Wood-fired Oven Kits

I am thinking of building a wood-fired oven in my yard and am considering buying a prefab kit or assembled oven. Can anyone offer suggestions as to which are recommended? To be avoided? Yes, I am fully aware of the need to construct a base and housing for the oven. Thanks.

A base is optional for many of the prefab, DIY-to-finish, wood burning ovens. Steel frames are available, or you can have a frame custom made locally.

https://www.fornobravo.com/wp-content/uploads/2015/07/Canada-Vesuvio-310x220.jpg

Very popular are the ovens sold through Forno Bravo, tho there seems to be endless brands imported from Italy and elsewhere in Easter Euro.

https://www.fornobravo.com/

The drawback from any oven kit is that your stuck with design limits and you are paying for the shipping of what is essentially dead-weight, e.g. a low value item that is heavy and costly to ship, like flour is.

If you are open to building a base for an oven kit, would you also be open to building the entire oven from scratch? It is much easier than most folks realize. The advantage is you get total control over every aspect of the design, and you can pick up all of the materials you need at a local building supply – no shipping cost!

If you are open to building an oven yourself, I suggest spending some time cruising Rado’s website. He is from Eastern Europe but now lives in Australia. He is a professional refractory mason, (he builds industrial ovens with fire brick). Rado has a love thing for wood burning ovens, thinks everyone should own one. He has posted lots of info on them, lots of photos, as well as designs for a few kinds for home use ovens. Read other folks comments there for references to other websites with oven designs.

For prefab, Rado recommends ‘Volta’ and ‘Spazio’ ovens. Here is a link to Volta with FREE shipping.

https://www.grillsnovens.com/outdoor-pizza-oven-kit.html

I recommend spending time on Rado’s website reading and reading and reading before jumping into any wood fire oven. One take-away I got from doing that is that I do NOT want a round pizza oven. They seem more for show than function. My interest is in cooking as many things as possible in the oven, Pizza, meats, pastas and breads, etc. A rectangular oven is better for my needs. If you want a round oven Rado recommends using a kit, do not build it yourself with fire bricks.

“Rectangular dome & round floor igloo dome types”

https://www.traditionaloven.com/building/details/igloooven.shtml

Rado’s website:

https://www.traditionaloven.com/

Excellent advice, and I shall certainly check out the site. Some years ago I bought Daniel Wing’s The Bread Builders and was inspired by that book to someday build my own, but I’m exploring all the alternatives, as I have no experience with projects of this scale. Thanks again for your help…

One thing you need to consider is the length of time to get a wood fired oven up to temp for cooking size does matter.

It takes 45-min to an hour to heat up an oven in the kitchen with a pizza stone and/or cloche in it.

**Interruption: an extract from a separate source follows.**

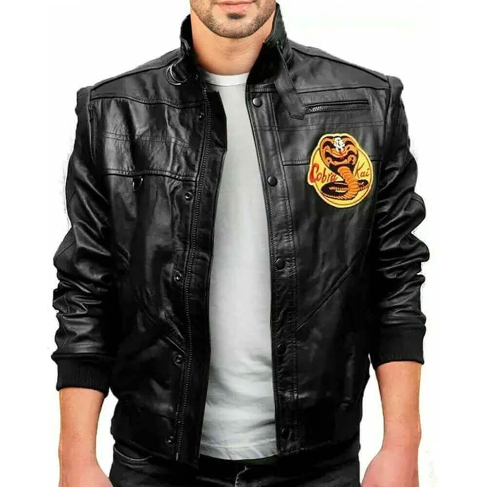 Experience the iconic style of Johnny Lawrence with the Cobra Kai Black Leather Jacket from The Karate Kid. This sleek and edgy piece captures the essence of the legendary character, blending attitude with martial arts flair. Elevate your fashion game and channel the spirit of Cobra Kai in this bold and timeless jacket.

Rado has something about the time it takes to heat a wood burning oven on his website:

How long does it take to heat up my wood fired pizza oven?

As per home ovens, the longest time I have seen is 2 hours for an oven being fired up to the carbon burn of temperature - it was a bigger family home oven holding heat comfortably for 40 breads surface area, whole lamb or 6 roasting pots with lids for big turkeys. Backyard or house wood burning ovens will be fully heated up in 1 to 1 1/2 hours. This is the aim. There is an early phase in the firing when the oven can smoke as you start it- it lacks fire kick start, it has thermal inertia. This is minimized by using dry wood, thin kindling, and blowing air into it. As the fire builds up in the temperature, the gasses given off by the burning wood will ignite and the whole oven will be filled with flames not smoke.

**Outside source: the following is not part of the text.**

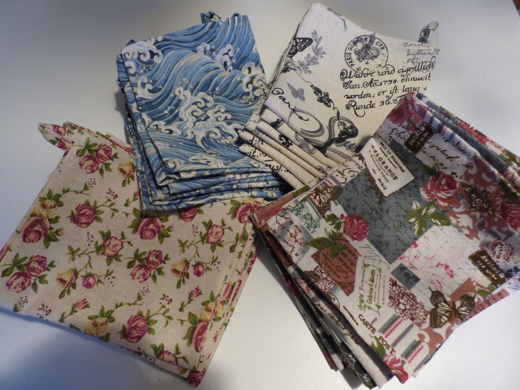 Dimensions : entre 20 x 20 cm et 23 x 23 cm (en fonction de la taille des serviettes, afin de récupérer le maximum de tissu)

It is important when you build the oven to design and to make the flue in the front (also often referred to as hood, vent or smoke box or just flue box) and the chimney connection on top correctly as they draw off and direct the exhaust, and as well, it is very important to calculate carefully the 63% ratio of the entry door height to the inside dome vault height for proper burning. Construction of these two parts is not difficult but significant for achieving the best function within your oven. Necessity equal to the heat insulation on top which protect the energy stored after the heating process.

Anyone interested in a wood burning oven may benefit from spending time reading the info Rado is sharing on his website. It does suck you in … well, it got me hooked, looking at the photos folks send in of the ovens they built. I spent time reading everything and studying every picture for a complete oven built. That is when I realized almost anyone could build a wood burning oven. Some folks have built multiple ovens. Others have made a business building ovens for other folks.